Marilyn Devonish, a flexible-work strategist based in London, says there’s been “a seismic shift in the way the world works, with remote and flexible working likely to become the norm after the pandemic is over, once organisations learn how to effectively manage and motivate remote employees”.
Beginning 24 July, Barbados implemented a Welcome Stamp plan to allow visitors to work from the Caribbean island for 12 months (Credit: Alamy)
And if these employees can log-on from abroad, she thinks her native Barbados could become a model for others to follow. “The dream used to be to work somewhere like Thailand, but I foresee Barbados and other islands that fit the bill becoming the Caribbean versions once correct standards and procedures are in place.”
Cook, the anthropologist, isn’t so sure. They remain sceptical about some of the hastily formed remote worker visas, saying the idea of digital nomadism – with all its idealistic images of laptops on beaches – is often used as a lazy marketing tool.
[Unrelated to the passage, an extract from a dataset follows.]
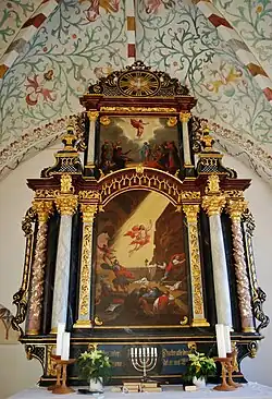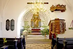 Der gemauerte Altartisch und das Altarretabel stammen aus dem Jahr 1783, als das vorherige Retabel des Bildschnitzers Peter Petersen aus Tondern (1703) wegen Pilz- und Holzwurmbefall ersetzt werden musste. Das neue Altarretabel wurde von dem Sottruper Schreiner Christensen u. a. mit einer Heiliggeisttaube im Rocaillerahmen als oberem Abschluss gestaltet. Von dem vorherigen Retabel stammen noch einige Teile wie die beiden Pfeiler und die korinthischen Säulen neben dem Hauptfeld. Die drei Gemälde des Retabels stammen von dem Apenrader Maler Jes Jessen, welcher der erste Lehrmeister des bekannten dänischen Malers C. W. Eckersberg war. Das Hauptfeld zeigt die Auferstehung, das obere Feld die Himmelfahrt und das Mittelstück der Predella das letzte Abendmahl. Seitlich davon steht auf der Predella in moderner Fraktur und dänischer Sprache: „Nehmet, esset, das ist mein Leib“ (links) und „Trinket alle davon, das ist mein Blut“ (rechts).[12]

Some countries, they say, are “just looking for ways to increase visitor count without really understanding the digital-nomad perspective, or that these people like to go places where there are coworking spaces, networking events and a sort of structure that doesn’t necessarily arise overnight.”
But they do think that these new visas suggest “we are going to get a merging of this digital-nomad sub-culture and this global conversation about remote work”.
The emergence of these programmes may mean that an entirely new segment of the workforce that never before considered working from abroad will now realise its potential allure. And, for digital nomads who are already looking abroad, the set-up of these semi-permanent schemes are encouraging them to slow down, settle in one place for a while and use the opportunity as a ‘test drive’.
“What this term ‘digital nomad’ will mean in a year’s time from now is a big question,” says Cook. “But people are beginning to dream again, and they’re imagining a new and better future.”